Now I went back and used a better technique which I present below but — wince — I haven’t had this reviewed by anyone yet. So in the interest of getting something more correct I’m posting this now but I reserve the right to have screwed this up again in which case I’ll post yet another update. Because I think it’s more interesting I’m leaving the original posting intact and just posting this errata.

The idea was to show that the queue length tends to magnify any improvements you make in straight CPU costs because of course if there many people in the queue you have to wait for many requests before your turn comes and each one is getting the improvement.

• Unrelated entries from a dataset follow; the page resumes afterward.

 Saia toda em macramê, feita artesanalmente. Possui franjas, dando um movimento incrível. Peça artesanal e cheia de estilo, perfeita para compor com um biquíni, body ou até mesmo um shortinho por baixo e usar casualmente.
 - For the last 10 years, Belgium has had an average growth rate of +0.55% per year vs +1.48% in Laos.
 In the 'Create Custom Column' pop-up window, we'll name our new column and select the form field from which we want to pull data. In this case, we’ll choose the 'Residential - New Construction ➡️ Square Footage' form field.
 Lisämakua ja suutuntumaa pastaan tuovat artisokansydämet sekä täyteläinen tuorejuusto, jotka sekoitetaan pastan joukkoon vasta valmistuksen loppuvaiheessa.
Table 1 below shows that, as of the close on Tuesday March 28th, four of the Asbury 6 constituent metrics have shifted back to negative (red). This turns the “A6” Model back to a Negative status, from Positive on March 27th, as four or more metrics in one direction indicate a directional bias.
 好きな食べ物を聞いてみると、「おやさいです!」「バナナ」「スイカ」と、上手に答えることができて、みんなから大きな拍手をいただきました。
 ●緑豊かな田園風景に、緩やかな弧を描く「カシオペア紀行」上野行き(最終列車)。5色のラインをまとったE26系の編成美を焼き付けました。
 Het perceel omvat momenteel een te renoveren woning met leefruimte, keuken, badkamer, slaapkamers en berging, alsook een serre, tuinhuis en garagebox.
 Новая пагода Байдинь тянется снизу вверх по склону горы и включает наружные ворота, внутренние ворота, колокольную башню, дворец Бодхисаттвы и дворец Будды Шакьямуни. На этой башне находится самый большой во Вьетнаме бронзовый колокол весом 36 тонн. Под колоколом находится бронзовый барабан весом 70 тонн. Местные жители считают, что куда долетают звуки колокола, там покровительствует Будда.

Here’s the example of a round-trip to a web server, restated with better math for the queue length as I explain below.

Cost Summary | |

Network latency from the client’s machine | 100ms |

Time waiting in the queue on the front end | 35ms |

Request parsing/preparation (computation) | 2ms |

Network latency to back end services | 1ms |

Back end processing (computation) | 1ms |

Back end processing (disk) | 7ms |

Network latency for the response from the back end | 1ms |

Processing of results on the front end (computation) | 3ms |

Network latency back to the user | 100ms |

Total Latency |
250ms |

Now here’s the part where I botched it. I should have gone with the regular queuing theory formulas but noooo… I tried to do simpler math on the quick (drat). I would have noticed my formulas were totally wrong except I also made a typo entering one of the time delays (double drat) and so it worked out almost like it’s supposed to, but for all the wrong reasons.

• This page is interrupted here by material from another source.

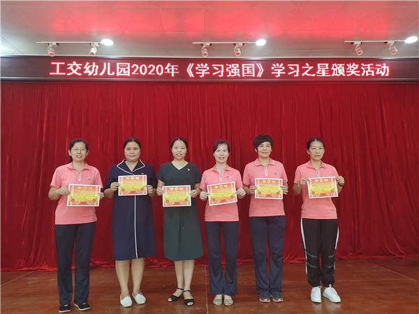 6月30日上午在工交幼兒園黨支部組織委員梁燕芳同志主持下,開展了全園教職工“學(xué)習(xí)強(qiáng)國(guó)”平臺(tái)學(xué)習(xí)評(píng)比表彰活動(dòng)。進(jìn)一步激發(fā)教職工主動(dòng)學(xué)、深入學(xué)“學(xué)習(xí)強(qiáng)國(guó)”的熱情與動(dòng)力,促使黨員、群眾形成在平臺(tái)上學(xué)習(xí)的日常習(xí)慣和行為自覺,促進(jìn)廣大黨員、群眾共同進(jìn)步。會(huì)上,首先公布了每位教師的學(xué)習(xí)積分及排名情況,并依此評(píng)選出一、二、三等獎(jiǎng)。由柯英麗書記為獲獎(jiǎng)教師頒發(fā)了獎(jiǎng)狀。
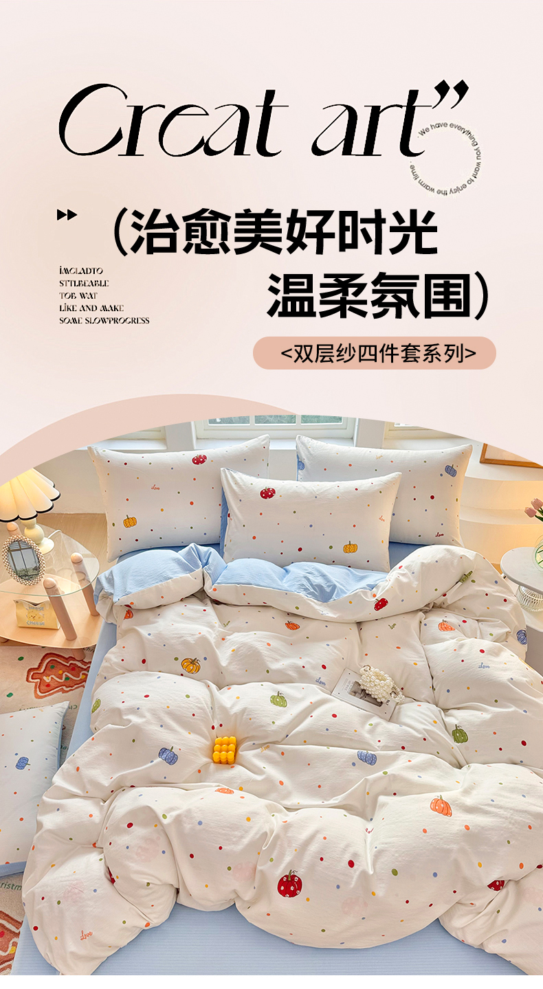 当前位置: 91家纺网 > 商品网购 > 床品套件 > 四件套 > 化纤普通四件套 > 悠米悠家 2026新款亲肤舒适木棉双层纱印花四件套 南瓜田园记

So, here, I think, is how it’s *really* supposed to work:

Using 3 threads this service could, in principle, run flat out at 200 requests per second. That will be the “service rate” (it’s usually represented by the greek letter mu.) However if we tried to run it at that speed, we’d end up getting further and further behind because sometimes there would be random bursts of arrivals and we’d never have any surplus capacity to recover from them. So let’s suppose we’re willing to run at 90% at worst and we’re doing a plan for that 90% case. That means we’ll allocate enough servers so that at most 180 requests arrive per server. That’s so-called the arrival rate, (usually represented by the greek letter lambda).

All righty.

The classic formulae are that the average number of items in the system are: lamba/(mu – lambda) which in this case is 180/(200-180) or 9. The average service time is given by the formula 1/(mu-lambda) in this case that’s 1/(200-180) or 50ms. Since it takes 15ms to process one item we consider that 35ms of wait time and 15ms of processing on average. It isn’t an exactly multiple of the processing time (15ms) because the queuing model is allowing for spurts and lulls.

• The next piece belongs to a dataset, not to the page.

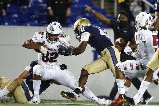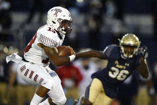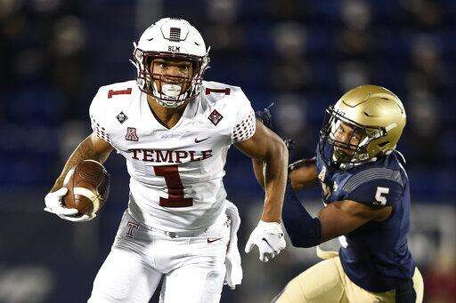 Temple's Ray Davis carries the ball against Navy during the first half of an NCAA college football game Saturday, Oct. 10, 2020, in Annapolis, Md. (AP Photo/Gail Burton) The Associated Press
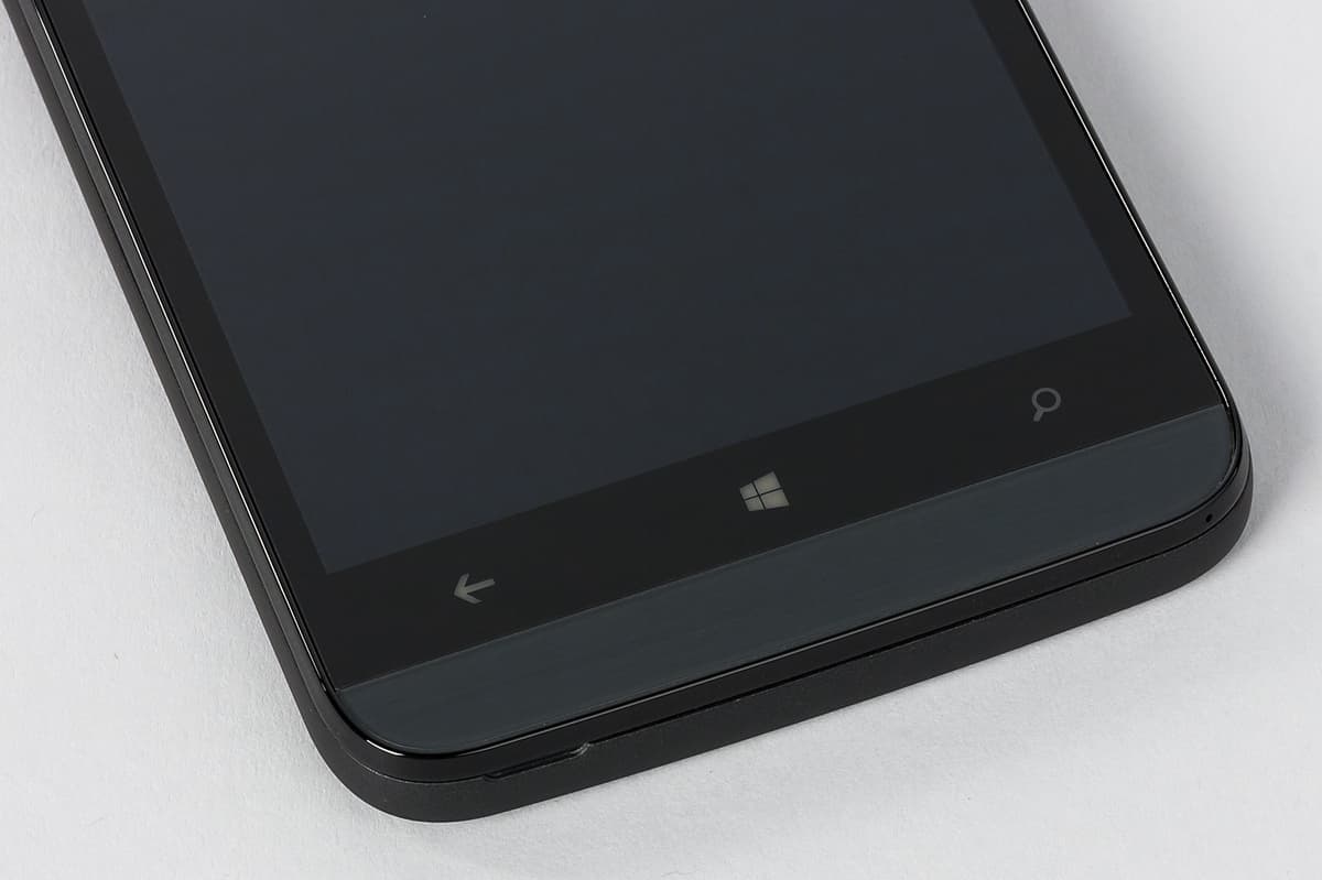 На нижнем поле под экраном находятся три привычные сенсорные кнопки. Они имеют приглушенную автоматическую подсветку, но и без нее хорошо различимы при наличии внешнего освещения. Ниже кнопок — просто полоска из пластика со структурой «грубой шлифовки под металл» для симметрии. Отверстие основного микрофона удалось найти только по соответствующему элементу на чехле — оно находится в правом углу глянцевой рамки.

I’ll make a slightly different change than I did in the initial posting but basically I’m showing the same effect. And I hope I’ve got the formulas right this time ðŸ™‚

Item | Cost |

Total Processing time | (2+1+1+7+1+3) = 15ms |

Work time | (2+3) = 5ms |

Threads | 3 |

Max Requests/second | 200 |

Max Utilization | 90% |

Allowed Requests/sec | 180 |

Requests in flight (all threads) | 180/(200-180) = 9 |

Average wait time | 35ms |

Average service time | 1/(200-180) = 50ms |

Network latency to client | 200ms |

Total latency | 250ms |

So now lets go ahead and do the same sort of experiment as we did in the last posting. To avoid hitting a situation where there are not enough requests on average to feed the threads we have I’ll make a smaller perturbation (things get funny if you start having more threads than work and I don’t want to complicate things with that case at this point). This time we’re just going to shave half a millisecond off the compute time — an even smaller improvement than in the original example. In the table below I’m showing two alternatives for how we could exploit that gain.

Item |
Original |
Improved 1 |
Improved 2 |

Total Processing time | 15ms | 14.5ms | 14.5ms |

Work time | 5ms | 4.5ms | 4.5ms |

Threads | 3 | 3.2 | 3.2 |

Max Requests/second | 200 | 222.2 | 222.2 |

Max Utilization | 90% | 90% | 81% |

Allowed Requests/sec | 180 | 200 | 180 |

Requests in flight (all threads) | 9 | 9 | 4.3 |

Average wait time | 35ms | 30.5ms | 9.18ms |

Average service time | 50ms | 45ms | 23.68ms |

Network latency to client | 200ms | 200ms | 200ms |

Total latency |
250ms |
245ms |
223.68ms |

Cost Savings | – |
10% | 0% |

Observed Speedup | – |
2% | 12% |

In the **Improved 1** column we can see that if we keep utilization constant at 90% then our maximum throughput goes up to 222.2 req/sec. At 90% utilization the apparent throughput goes from 180 req/sec to 200 req/sec — that translates to a 10% cost savings (we only need 9 machines for every 10 we used to have).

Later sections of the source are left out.